「彼氏をフルネームで呼ぶな馬鹿」


「なっなっ……!!」


パニックを起こす私の目の前に、森山すぐるはズイッと携帯電話を突き出してきた。


「へ?」


「番号。教えるの忘れたから」


番号……?


「碧のスマホかして」


「あ、カバンの中……」


って、今私のこと呼び捨てにした!?


彼氏いない暦16年の私。


はじめて異性に呼び捨てにされましたっ!!


……なんて喜んでる場合じゃないよ!


「あの……」


「あん?」


「私、返事してませんけど」


「何が?」


森山すぐるは、私のスマホをなれた手つきでいじくりまわす。


「あなたの彼女になるとか……言ってませんけど!」


勇気を出して、そう言ったのだが……。


森山すぐるは私のスマホに視線を落としたまま、鼻でフンッと笑った。


なに、その失礼な態度!


「碧さぁ、なんか勘違いしてねぇ?」


「勘違い?」


「そ。
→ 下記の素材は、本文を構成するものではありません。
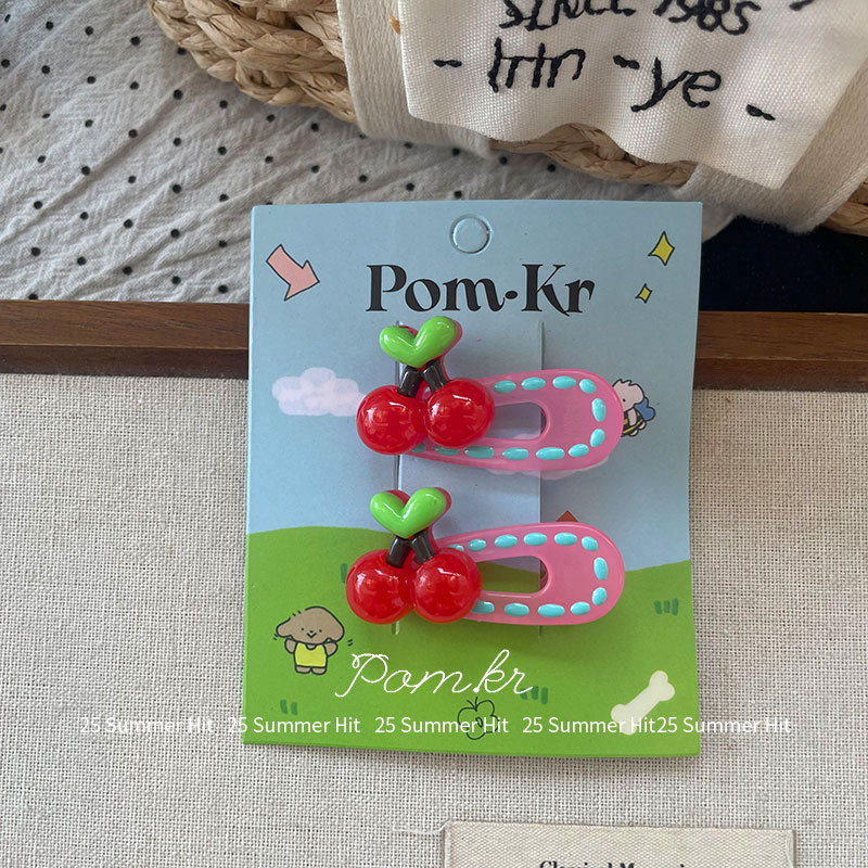 [3] red cherry barrettes
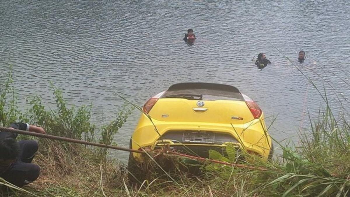 Người phụ nữ mang thai, Wannarat 30 tuổi, đến từ quận Si Maha Phot, đang lái xe cùng chồng thì cô rẽ nhầm hướng và đạp nhầm chân ga thay vì chân phanh. Chiếc xe MG màu vàng của họ đã lao ra khỏi đường và chìm xuống một con sông sâu 4 mét.
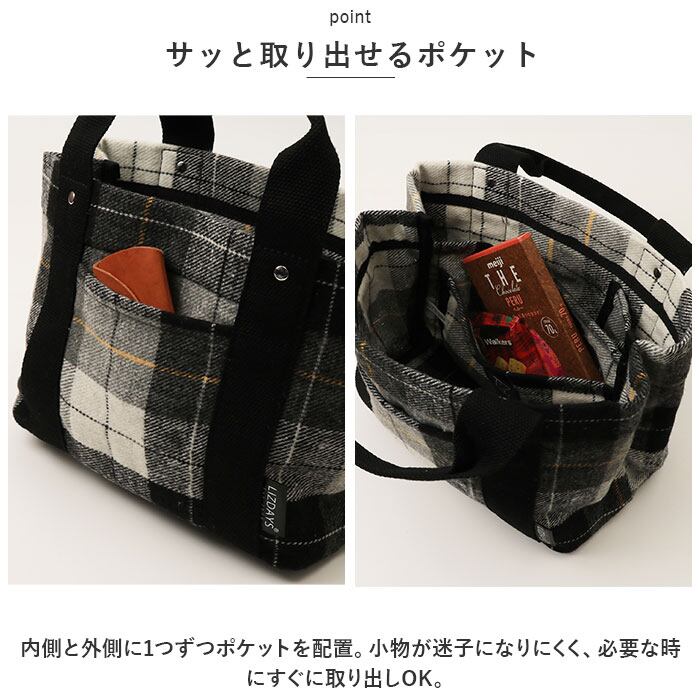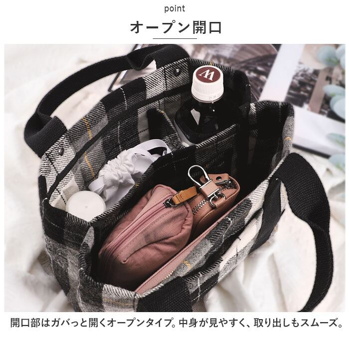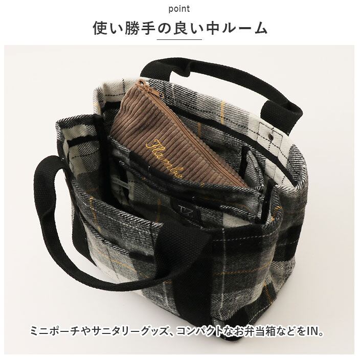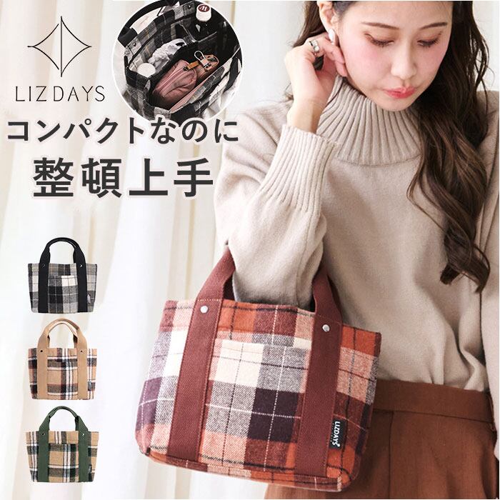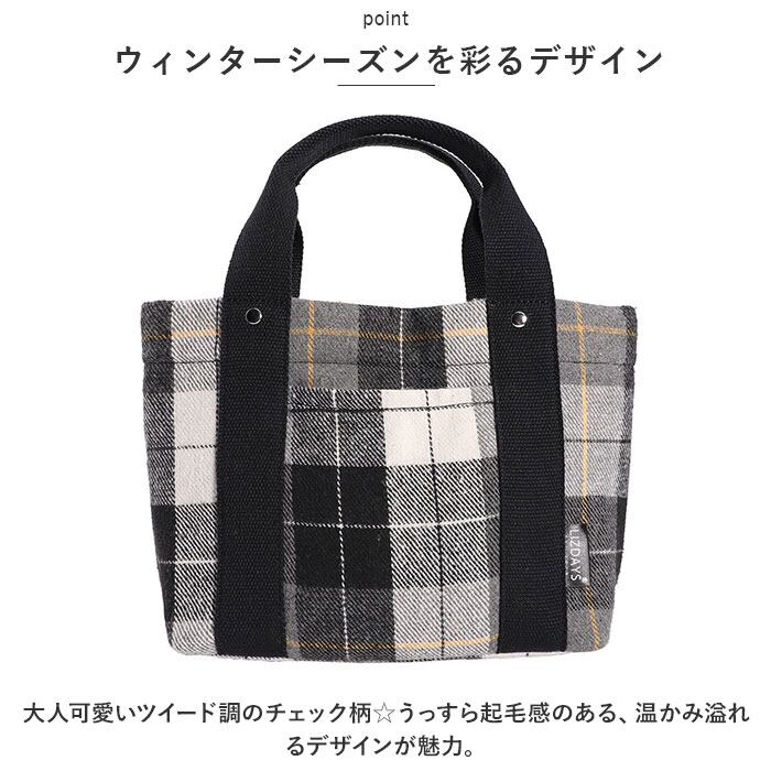 トートバッグ ミニ レディース 通販 仕切り トート ハンドバッグ 鞄 かばん バッグ バック チェック ツイード 軽量 b5 秋冬 おしゃれ かわいい 多収納 マチ広 通勤 通学 散歩 お出かけ ランチ お弁当 サブバッグ シンプル LIZDAYS リズデイズ
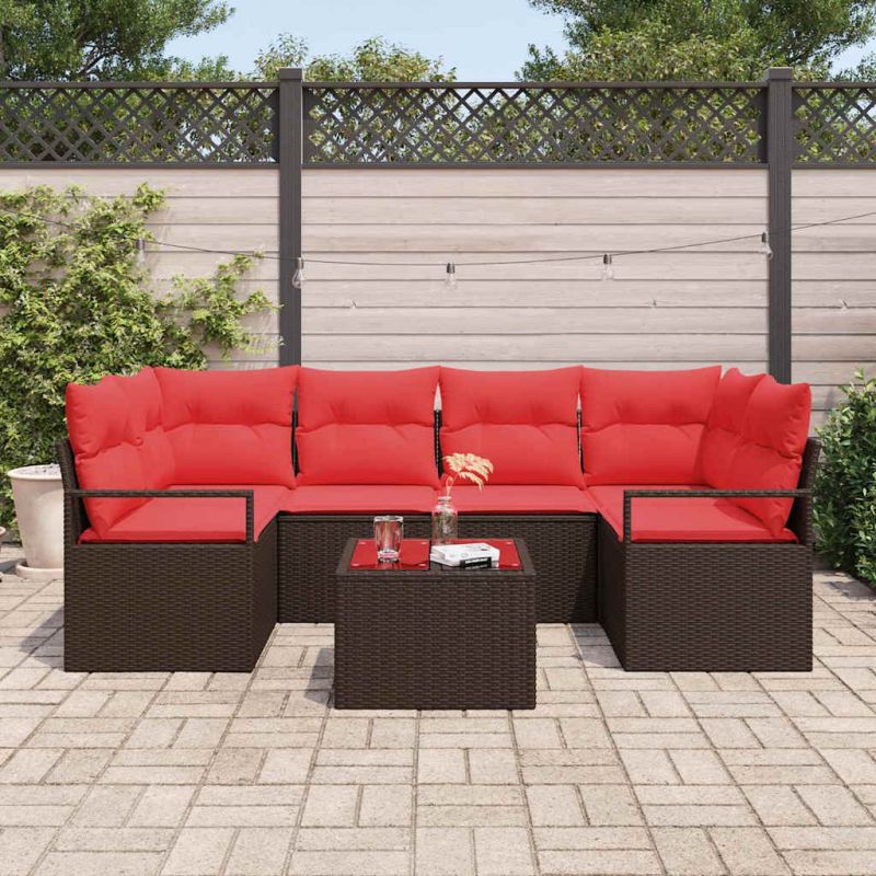 Начало Дом и градина Мебели Външни мебели Външно обзавеждане Градински дивани Комплект дивани 7 pcs Кафяво и червено полиратан
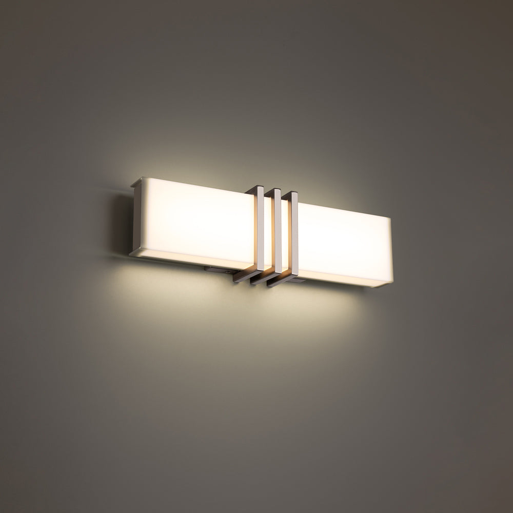 Return to retro style with a charming fixture delivering energy-efficient lighting and a whimsical motif. The Minibar LED Vanity Wall Light from dweLED tempers design simplicity with a charming reflection of simplicity and just enough attitude to be noticed. Energy-efficient illumination glows from an acrylic diffuser set in metal framing with a chic trio of banding at its center.
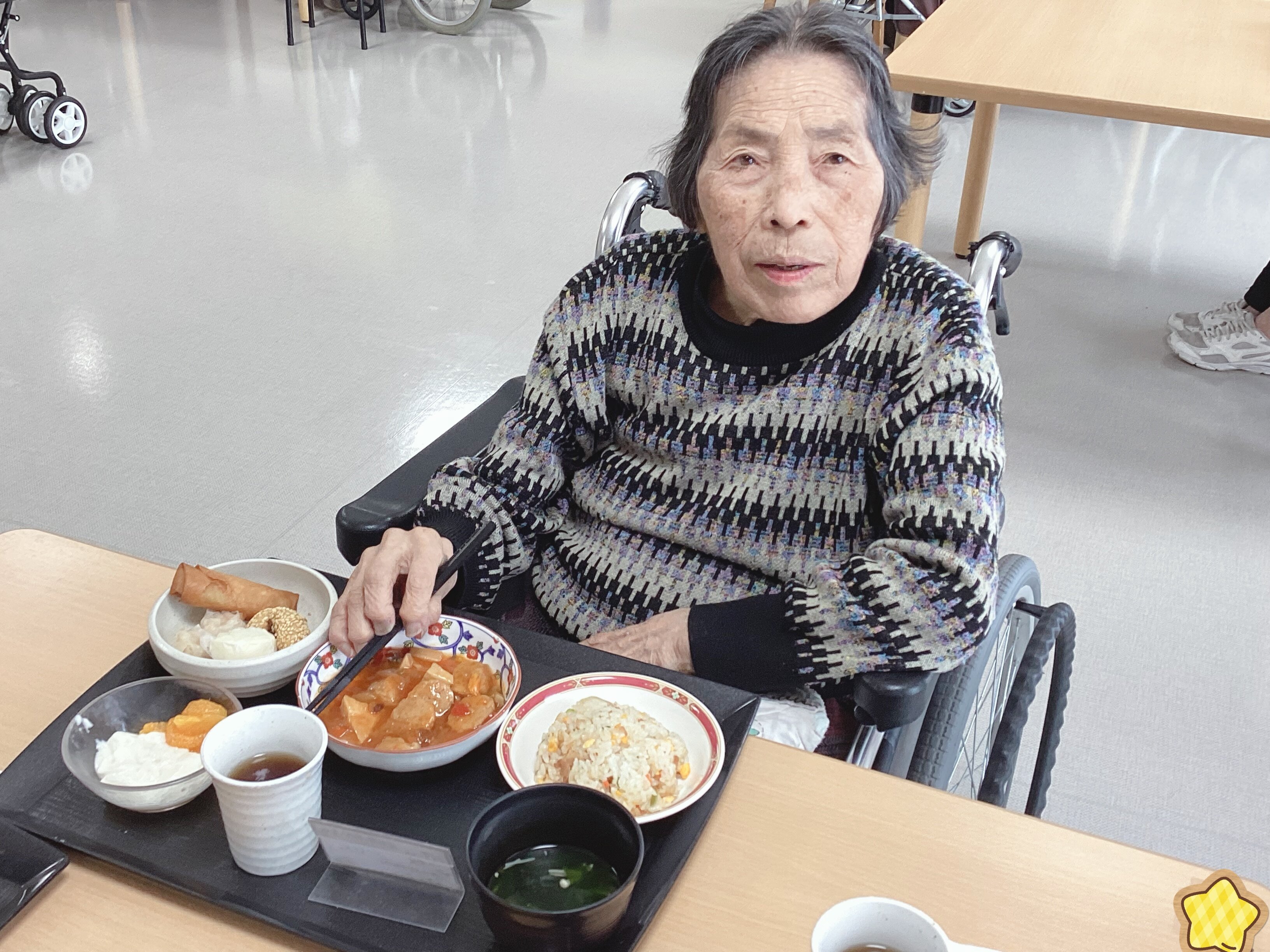 中華スープ・春巻き・ゴマ団子・モモ団子・デザート」です。
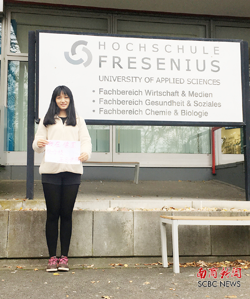 时值20周年校庆,虽处异国他乡,但身居海外的学子依然为母校的生日献上真挚的祝福。在法国雷恩商学院留学的2013级彭美妮说,祝南国生日快乐,越来越好,桃李满天下。2014级德语专业的邓婉珺现在德国慕尼黑应用语言大学留学,她惋叹自己身在德国,不能与小伙伴们一起献上对母校最真挚的祝福,“南国是我的母校,不管身处多远的地方都依然有一颗惦记她的心,祝母校生日快乐。”

俺が、俺の女だって言ったら、碧は俺の女なワケ。わかる?」


わかる?


って聞かれても、わかるわけないじゃん!


「つまりさ、碧に拒否権はないって事」


そう言うと、森山すぐるは私の頬に手を当てた。


その感覚に、一瞬ビクッと身を縮める。


「怖い?」


「え?」


「俺のこと」


怖いもなにも……。


怖いに決まってるんだけど……。